Dr. Sotirios J. Vahaviolos, 67, is the Founder, Chairman, and CEO of Mistras Group, the New Jersey-based global provider of technology-enabled asset protection solutions used to evaluate the structural integrity, safety and efficiency of critical energy, industrial and public infrastructure.

With more than 100 offices and 45,100 employees in 16 countries, Mistras Group provides the majority of their services to clients on a regular, recurring outsourced basis. It monitors daily such historic bridges as the Ben Franklin bridge in Philadelphia Pa., the Severn bridge connecting England and Wales, the Bay Bridge in San Francisco, platforms and oil rigs in places including the North Sea, U.S.-based nuclear power plants, and other industrial plant facilities in countries all over the world daily, through the help of internet based online monitoring technologies based on satellites and other links. International clients are in the fields of oil and gas, fossil and nuclear power, public infrastructure, chemicals, aerospace and defense, transportation, primary metals and metalworking, pharmaceuticals and food processing. Among them are American Electric Power Inc., Bayer AG, BP, Bechtel Corp., General Electric Co., Boeing Co., Excelon, ExxonMobil, Shell, and Valero Energy Co. The Mistras Group combines industry-leading products and technologies, expertise in mechanical integrity (MI) and non-destructive testing (NDT) services and proprietary data analysis software to offer customized solutions, ranging from routine inspections to complex, plant-wide asset integrity assessments and management. The company works to extend the useful life of their assets, increase productivity, minimize repair costs, comply with governmental safety and environmental regulations, manage risk and avoid catastrophic disasters. Vahaviolos notes that the company is “seeking more acquisitions and better expansion abroad.”

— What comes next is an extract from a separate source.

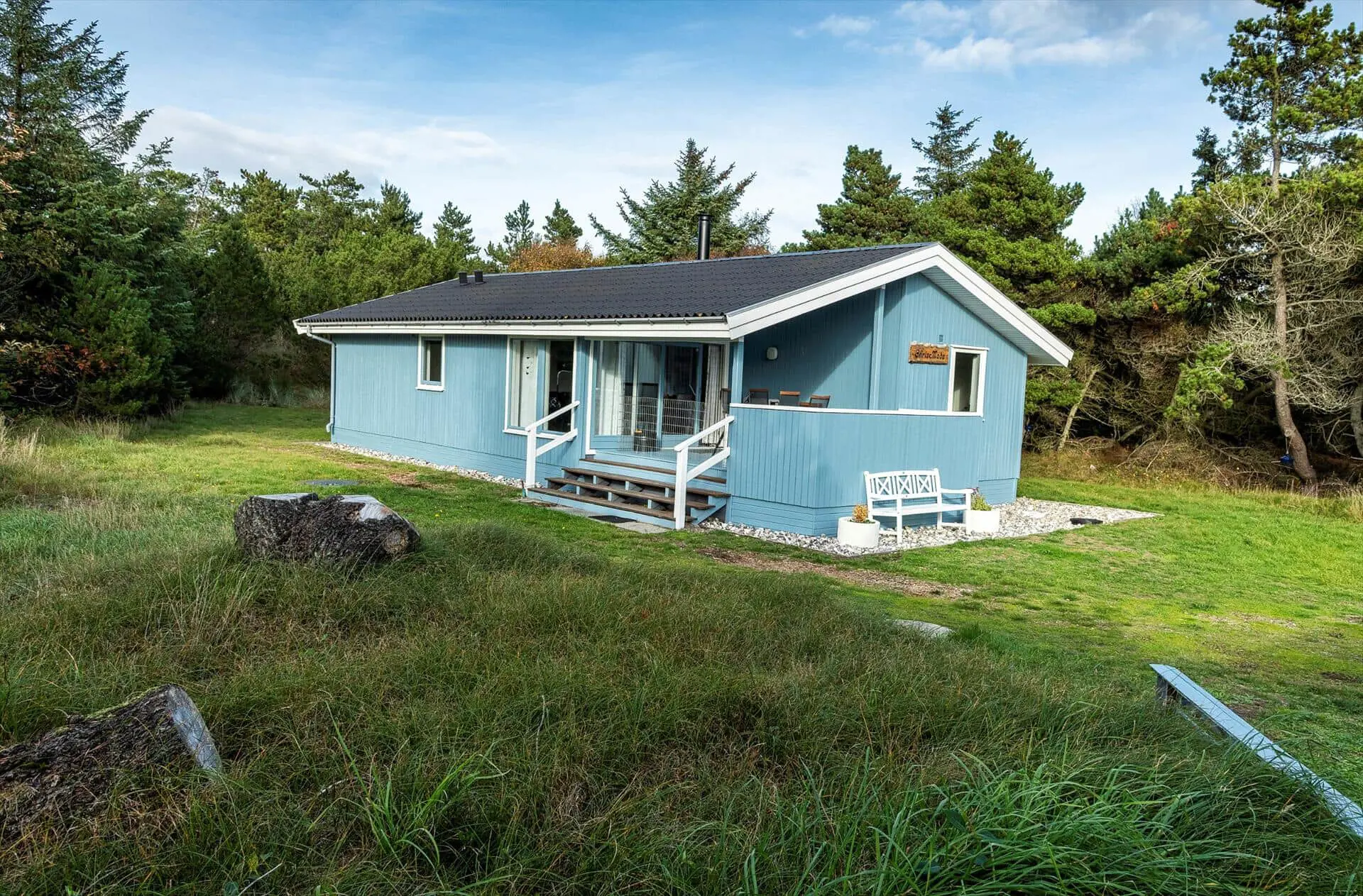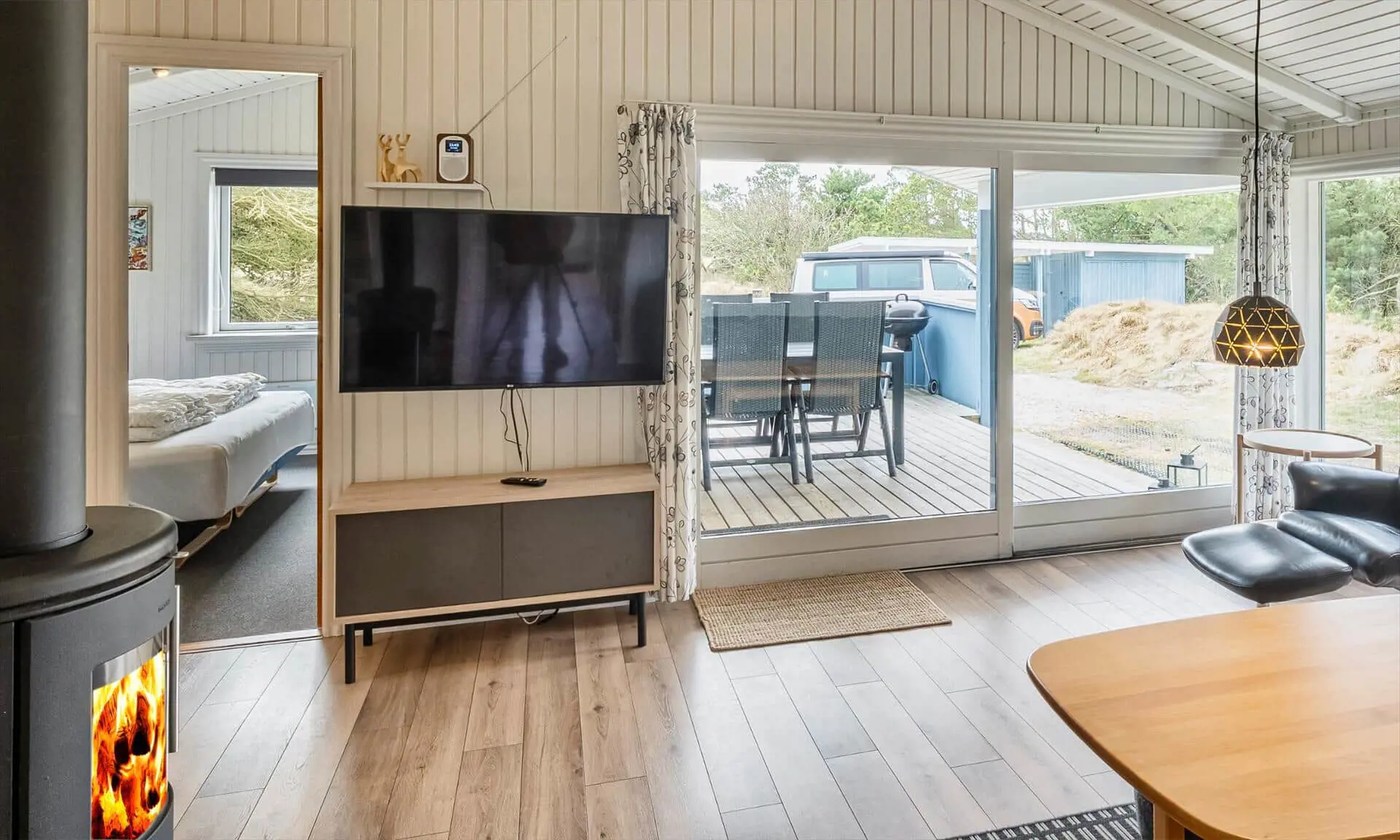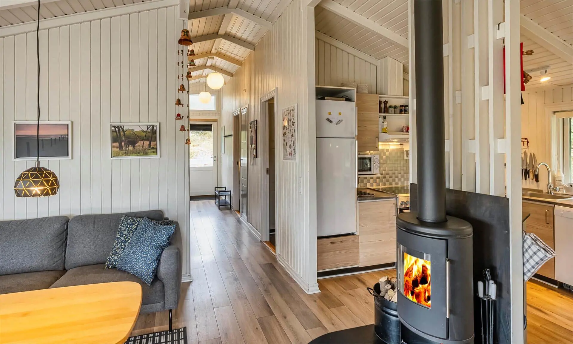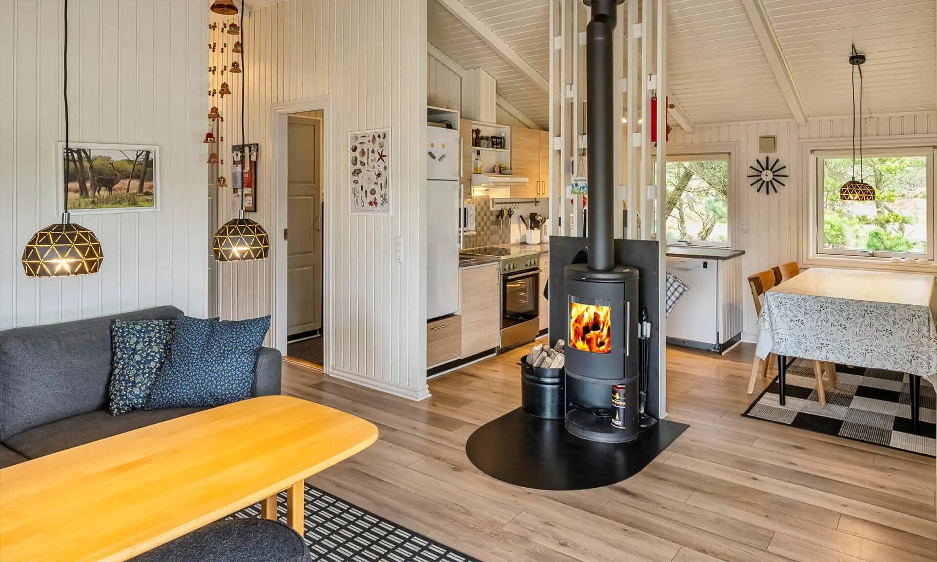 Ferienhaus für 6-7 Personen, Kaminofen, Warmepumpe und Tv. deutsche Fernsehprogramm über Stofa, daher nur 5-8 deutsche Kanäle, Küche mit Herd mit Cerankochfeld, Backofen, Geschirrspülmaschine, Mikrowelle und einer Kühl-/Gefrierkombination. Duschbadezimmer, Sauna, Gästetoilette. Waschmaschine und Trockner. 4 Schlafzimmer: 2 davon mit Doppelbett, 1 Schlafzimmer mit einem Etagebett und 1 Schlafzimmer mit 1 Einzelbett. Internetanschluss (W-Lan). Wildnisbad. Ein Teil der gemütlichen Holzterrasse ist überdacht. Carport.
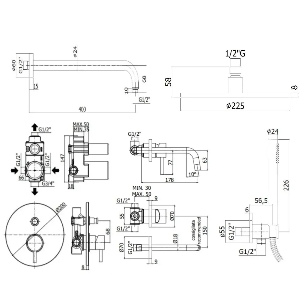 Комплект KITLIG015HG006 со встраиваемым смесителем для раковины LIG006HG70, смеситель для душа LIG015HG на 2 выхода, душ 225мм, LIGHT, медовое золото- 1 шт

MISTRAS ended their fiscal year on May 31, 2013 at $529.3 million, up from $436.9 the previous year for a revenue growth of 21 percent. At press time, the stock shares had reached $20.61, a big increase from the $12.50 price when the stock first went public in the New York Stock Exchange in October 2009.

Vahaviolos, who was born in 1946 in historic Mistras, in the Peloponnese, as a child ripped apart electrical machinery and rebuilt it for fun – as well as for better safety in the newly electrified village. He came to United States to study engineering at Fairleigh Dickinson University in New Jersey, where he graduated first in his Science and Engineering class and went on, as a recipient of The Bell Laboratories Graduate Study Scholarship Program, to earn MS and PhD degrees in electrical engineering from Columbia University. He was also awarded a master’s degree in philosophy. He started his career at American Telephone & Telegraph’s Bell Laboratories, where the concept of acoustic emissions was developed in the late 1940s. When Vahaviolos joined the company in the 1970s, he worked out computerized solutions to the long-standing problem of how to filter out irrelevant background noise during acoustic-emission testing, thus making the technology useable to detect in real time imperfections, cracks, and growing corrosion in materials and structures.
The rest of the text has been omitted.